In an incident reminiscent of Prof. Shkolnik in the movie, Epstein showed up late to the university’s gala opening ceremony on Mount Scopus in 1925, probably because of his conviction that true scholars should avoid the glare of publicity. In the film, Epstein is very thinly disguised as a “Prof. J. N. Feinstein,” the author of the volume where Shkolnik achieved his brush with immortality by being cited in the eponymous footnote
In the movie, Shkolnik’s life work focuses on his reconstruction of a text of the Jerusalem Talmud based on quotations from medieval authors. His efforts are ultimately frustrated when a rival has the good fortune to discover and publish the actual manuscript.
This episode is based on an actual exploit in the annals of rabbinic scholarship: It had long been noticed that several medieval rabbis were citing passages from the Jerusalem Talmud that are not found in the standard versions, and were unlikely to have been authentic. The eminent Viktor Aptowitzer of Vienna propounded a theory that those scholars were making use of a compendium—which he dubbed the Sefer Yerushalmi—in which the text of the Jerusalem Talmud was supplemented by an assortment of other texts and commentaries. Aptowitzer proposed his own plausible reconstruction of the Sefer Yerushalmi, but his thesis could never be more than speculative as long as no actual manuscripts were known
By the 1980s, several manuscript pages came to light that fit the description of Aptowitzer’s hypothetical compendium. In addition to corroborating his theory, these pages contributed greatly to our knowledge of rabbinic studies in medieval Europe. The pages were recovered from bookbindings into which they had been embedded after being confiscated from their original Jewish owners in the early fifteenth century. Unlike the film plot, that discovery involved (to the best of my knowledge) no overt academic acrimonies.
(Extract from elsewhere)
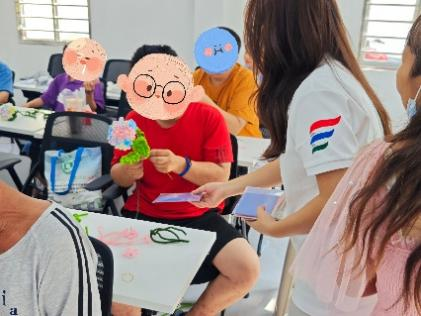 在社区学员们制作扭扭棒花朵的过程中,突击队成员也悄悄将前一天准备好的贺卡一一送到他们手中。这些贺卡是队员们在活动间隙写下的小祝福与鼓励,希望用最简单的方式,为他们留下一个小小的记忆。
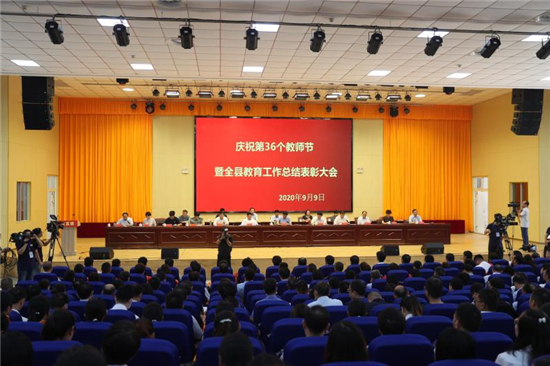 全縣各鄉(xiāng)鎮(zhèn)黨委書記和主抓教育副鄉(xiāng)鎮(zhèn)長,縣直各單位主要負責人,教體局班子成員及各股室負責人,各鄉(xiāng)鎮(zhèn)中心校校長、局直學校校長,中小學校長代表,優(yōu)秀教師代表、學生代表等1100人共同慶祝第36個教師節(jié)暨全縣教育工作總結表彰大會。

As it happens, I was personally involved in a very similar scenario. For purposes of my Masters thesis I consulted (via microfilm copy) a manuscript containing sections the Babylonian Talmud, housed in a Spanish monastery. In the thesis I reported that the margins of that manuscript appeared to contain numerous quotations from the Jerusalem Talmud that warranted separate investigation. Shortly afterwards, my supervisor called me to a meeting at which he appeared very agitated; and he grilled me enigmatically about whether any of my other teachers might be using that manuscript in their research.
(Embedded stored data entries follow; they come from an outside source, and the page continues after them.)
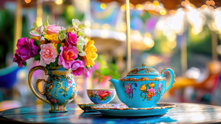 Soft-focus image of ornate carousel and dainty tea set in vintage decor
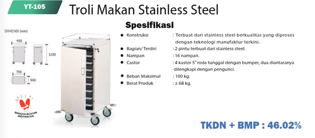 Troli makanan bukan sekadar alat dorong. Ia bagian dari sistem pelayanan yang harus berjalan lancar, cepat, dan steril. Salah satu produk yang banyak digunakan di rumah sakit adalah Troli Makanan Stainless Steel YT-105 dari Yovistra.
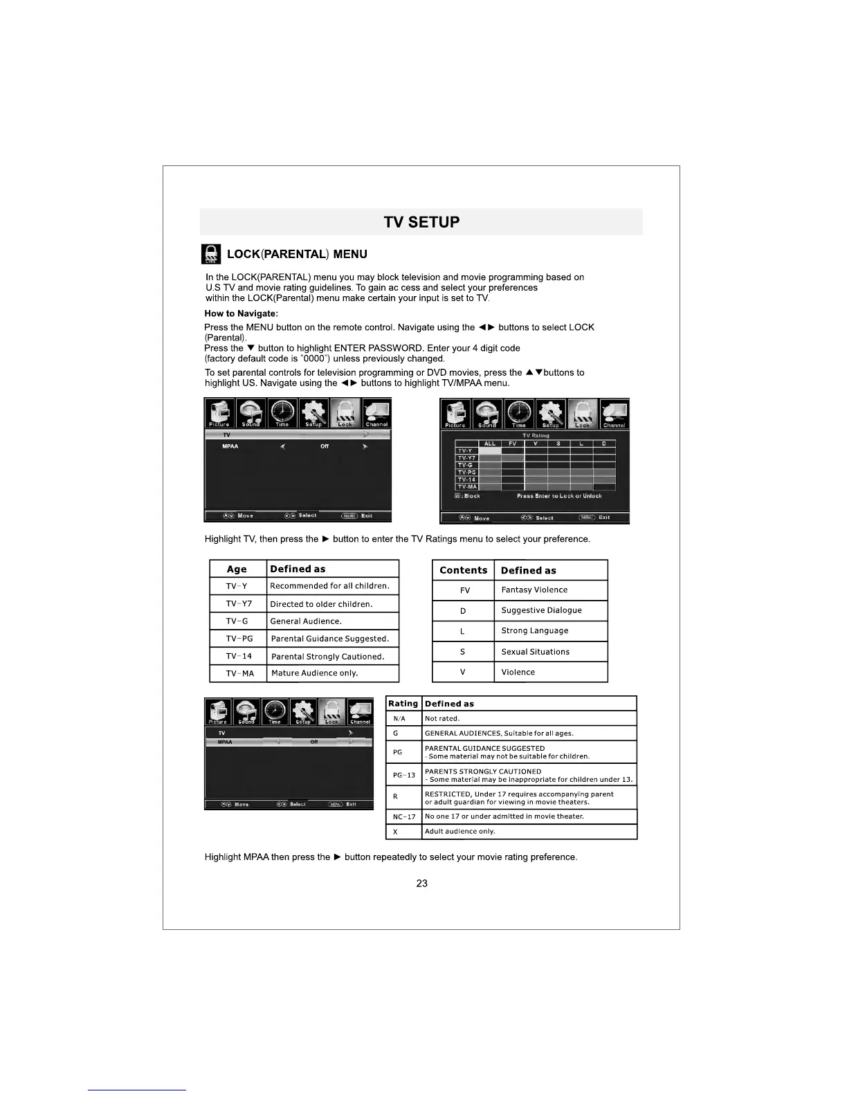 ProScan PLDED3273A-E - PARENTAL RATINGS SETUP (U.S.); U.S. TV AND MOVIE RATINGS

Within a few days, an article appeared in the Israeli press proclaiming with great fanfare his discovery of an important new Spanish manuscript containing a large chunk of the Jerusalem Talmud. Owing to the extreme scarcity of such manuscripts, his eventual (posthumous) publication of the edition and commentary was a major scholarly coup. The volume included a vague reference to the previous scholars who had made use of the manuscript but failed to appreciate its importance.
Come to think of it, my name did make it into one of Prof. Epstein’s books. In the preface to a posthumous collection of his articles, his son acknowledged my role in preparing the index. It’s not quite top billing, but I suppose that scholars must be content with such modest forms of immortality.
I will wait patiently for an enterprising producer to turn it into an award-winning movie.